Se não for assim, não adianta muito, não é mesmo? A tragédia dos grandes conquistadores, como Don Juan ou Casanova, é o fato de que eles são imunes a esse tipo de convivência, que exige em primeiríssimo lugar um enorme interesse pela outra pessoa. Casanova, ao “traçar” uma madame da corte atrás da outra, estava interessado apenas no ato e no fato, e para ele a mulher era um mero complemento. Colin Wilson, em Origins of the Sexual Impulse (1963) descreve argutamente Casanova e seus epígonos como indivíduos dotados de muita vitalidade e baixa auto-estima. As conquistas sucessivas servem-lhe como reposições momentâneas para esse amor próprio que lhes é eternamente deficitário. Existe, como observa Wilson, uma semelhança essencial entre o conquistador e o “serial killer”. É a reiteração daquele ato que lhe interessa, e a pessoa que dele participa é o que menos importa.
O amor, essa atitude de interesse inesgotável pela pessoa que está “do outro lado” é, aliás, a mesma relação recíproca que deve existe idealmente entre um escritor e o leitor. A relação literária é uma relação amorosa, sem sexo, sem corpo, mas impregnada de um profundo e inesgotável interesse pela outra pessoa. Eu sinto esse interesse pela pessoa de Jorge Luís Borges ou de Philip K. Dick, pela pessoa de Augusto dos Anjos ou de Agatha Christie. Tudo que esses indivíduos sentiram, pensaram, experimentaram e viveram me interessa. O que eu sinto por eles é amor, não o amor-desejo, amor-erótico, mas o amor-de-almas. Por razões misteriosas e inexplicáveis, eu me identifico com eles, por mais diferentes que possam ser uns dos outros.

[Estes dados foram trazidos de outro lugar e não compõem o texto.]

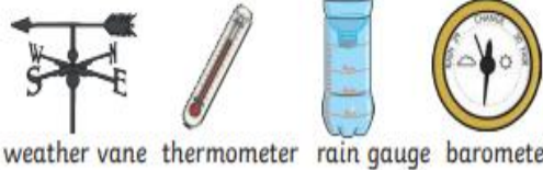
weather vane thermometer rain gauge barometer

Different instruments can be used to measure and record the weather.
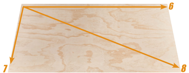
Fastening Diagram 6, 7, 8
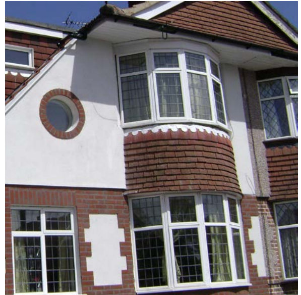
This is an example of an insulated Watford property that used a combination of smooth render with a brick finish.

* The Energy Savings Trust estimates typical savings for a semi-detached property of £225 per year from your heating bills and savings of 930 kg of Carbon dioxide every year.
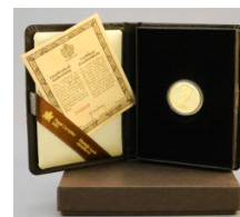
Lot # 203
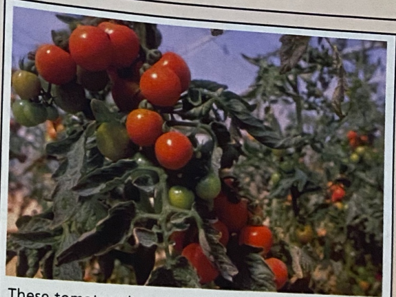
These tomatoes have been genetically altered to grow in conditions that would not support natural varieties of tomatoes.

Agriculture Biotechnology has many implications for agriculture. Disease-resistant crops could improve crop yields. To increase food production, crops could be engineered to grow in environments that would usually not be able to support such crops. The development of pest-resistant crops could reduce the need for chemical pesticides. The use of pest-resistant crops would allow for farming methods that are potentially better for the environment.
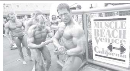
Male bodybuilders take part in the annual Muscle Beach Championship bodybuilding and bikini competition at Venice Beach, Los Angeles on 6 Sept, 2010.
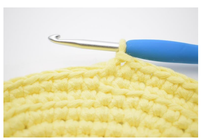
5. Work 1 rnd of sc.
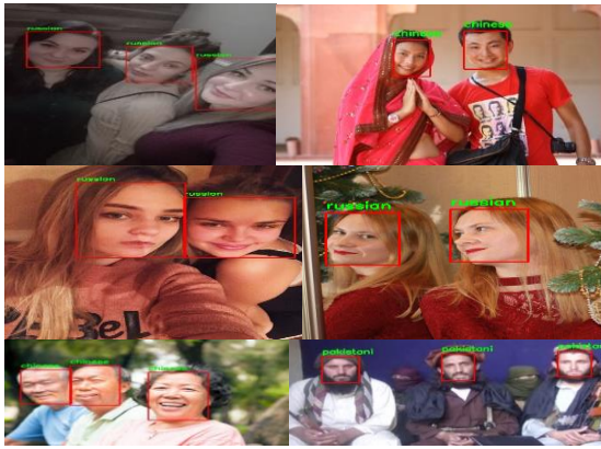
Figure 4. Output samples from the proposed system.
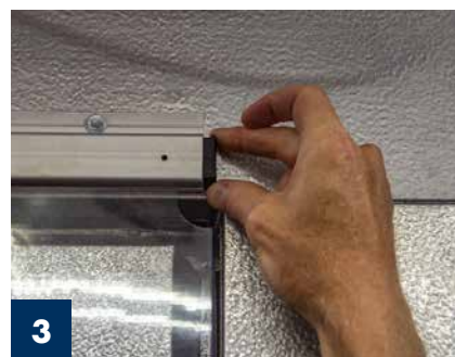
3 Secure strips with end caps
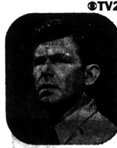
9:30 Andy Griffith Aunt Bee decides to economize by buying a side of beef, but trouble starts when the freezer breaks down.
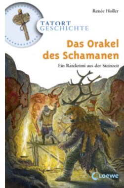
History Mysteries - The Shaman's Oracle
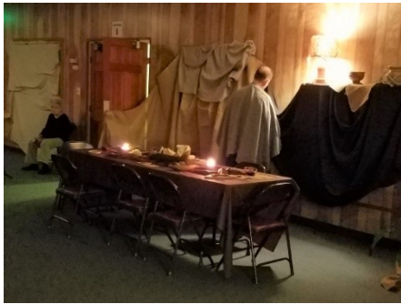
The Upper Room
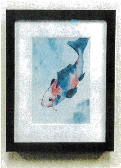
This is an example of the 8X10 inch frame, the artist used watercolor paint, and it is displayed with a mat board. Larger artwork will not have the mat board visible.
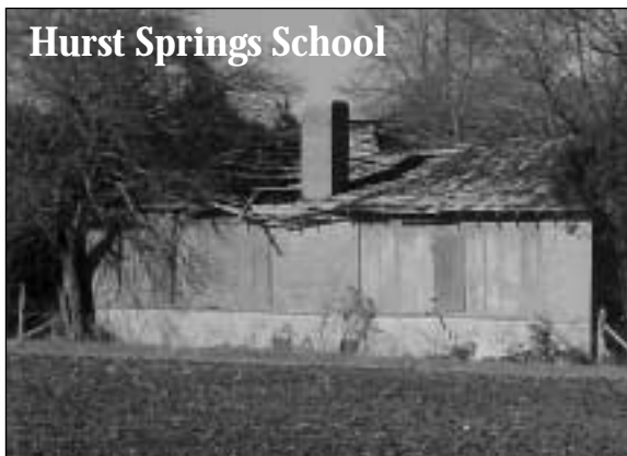
Hurst Springs School

springs were famous back then for being so cold in the summer, making it a great place for kids to hang out, swimming and waiting on a watermelon chilling in the springs. When you drive by, listen closely; you can probably hear the kids from years past laughing and having a good time.
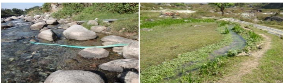
Fig. 2c Photograph showing water withdrawal by IPH & Kuhl (Local water channel)
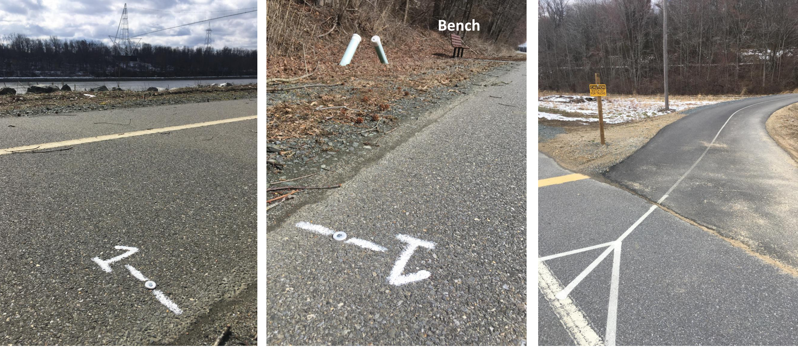
Mile 1 Facing Canal
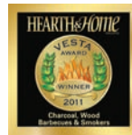
2011 Vesta Award Winner
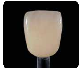
3. Completed basic crown.
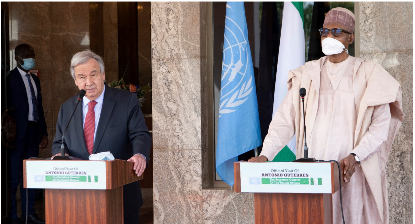
United Nations Secretary-General Antonio Guterres (Left) and President Muhammadu Buhari (Right), at a joint Press Stakeout held on Wednesday 4 May 2022., the State House Abuja.

United Nations Secretary-General Antonio Guterres has acknowledged that "Nigeria is a country where Africa's promise and potential come to vivid life. I saw this first-hand in my meetings today with women and young people, whose vision and commitment were deeply inspiring."
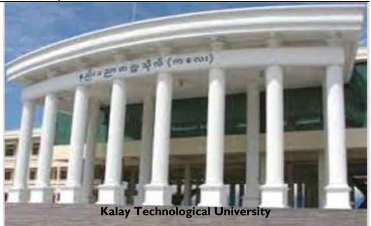
Kalay Technological University

The local people from both villages spent about six days in total to put out the forest fire. #
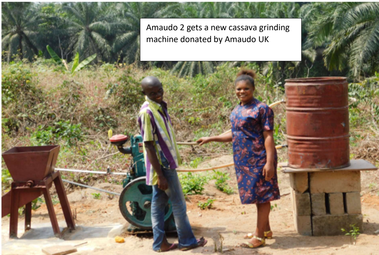
Amaudo 2 gets a new cassava grinding machine donated by Amaudo UK
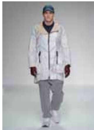
AW13-MREVP/ Reversible Parka
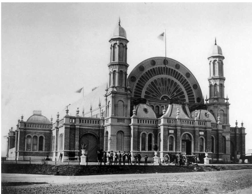
Figure 2: Exhibition Building, Metropolitan Intercolonial Exhibition, Prince Alfred Park, Sydney, September, 1870.

the Australian colonies seemed to demonstrate a particularly deep-seated passion for this form of cultural and commercial expression. 19 From an early start experimenting with small displays and shows in Mechanics' Institutes, the cities of Sydney and Melbourne each organized a series of well-attended intercolonial exhibitions. These were still local fairs with the emphasis on livestock displays. 20 This considerable activity culminated in upgrading both the Sydney and Melbourne venues into international shows: the Sydney International Exhibition in 1879 and the Melbourne International Exhibition in 1880. Sir Redmond Barry, chairman of the fair commissioners for the Melbourne fair of 1875, underlined the importance of exhibitions from a uniquely Australian vantage point, emphasizing the need for residents of the Antipodes to act in unity or, as Barry stated, "to concentrate the united efforts of our fellow-colonists with ours, so as to impart to them the characteristics of a national movement." 21 While the Australian colonies were engaged in this domestic expository zeal, they were often recycling the same display materials assembled for the important nineteenth-century international fairs held in London, Paris, and Philadelphia.
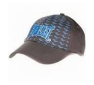
5. c p f
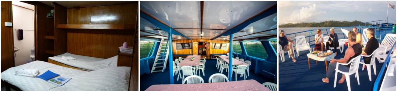
From left: guest cabin, covered deck area, sun deck
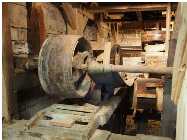
Some of the massive machinery powered by water and the large mill wheel.
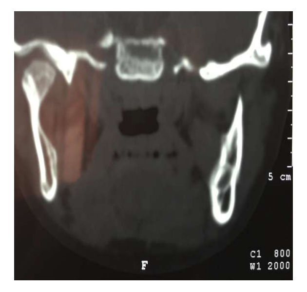
Fig I:CT scan revealed complete restitution remodeling of the condyle

Statistical analysis was performed by using of SPSS (Statistical Package for Social Sciences) version 19. Numbers and percentages were used to describe categorical variables.
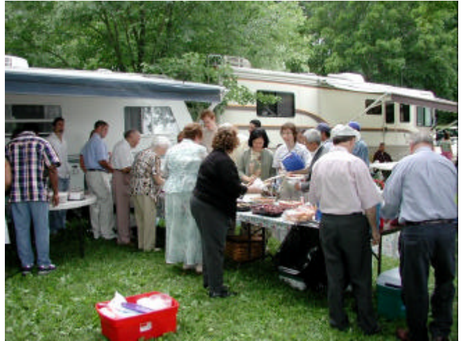
Pictured: Merrimack Valley family and friends
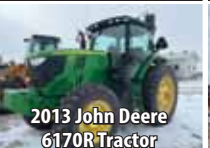
2013 John Deere 6170R Tractor
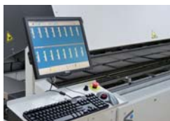
ERSASOFT: User Friendly Machine Control
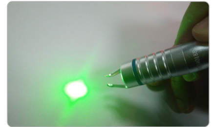
532nm Green Laser

Surgery DEEP Tissue Therapy Veterinary Beauty (3W/5W/8W-532nm Green Laser)
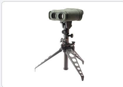
NC SST3-3S Tripod
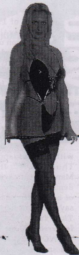
WHAT DOES THIS SAY ABOUT US?

asking Paul Condon to reform the police. Only women's action and workers control over the media will ensure that we have a real say in how our bodies should be seen.
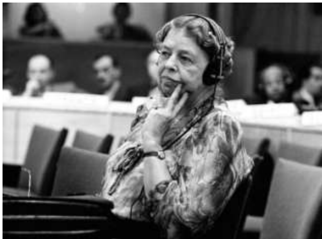
Eleanor Roosevelt and the Universal Declaration of Human Rights

Amar um autor, contudo, é muito fácil. Um autor é visibilíssimo, através de livros, entrevistas, biografias. Mais complicada é a relação inversa, o amor que um escritor sente pelo seu leitor. Como sentir amor por essa coisa abstrata e sem rosto? Muitos autores tentam escrever para um “leitor ideal” (ver “Cinqüenta anos falando sozinho”, 20 de outubro) que eles próprios constroem em sua mente. Muitas vezes, o ato de escrever envolve esse esforço de dedicar algo a alguém cuja presença só podemos imaginar. Escrever, nesses casos, é dar algo que a gente não sabe se vai ter ou não, a uma pessoa que a gente nem sequer sabe que existe.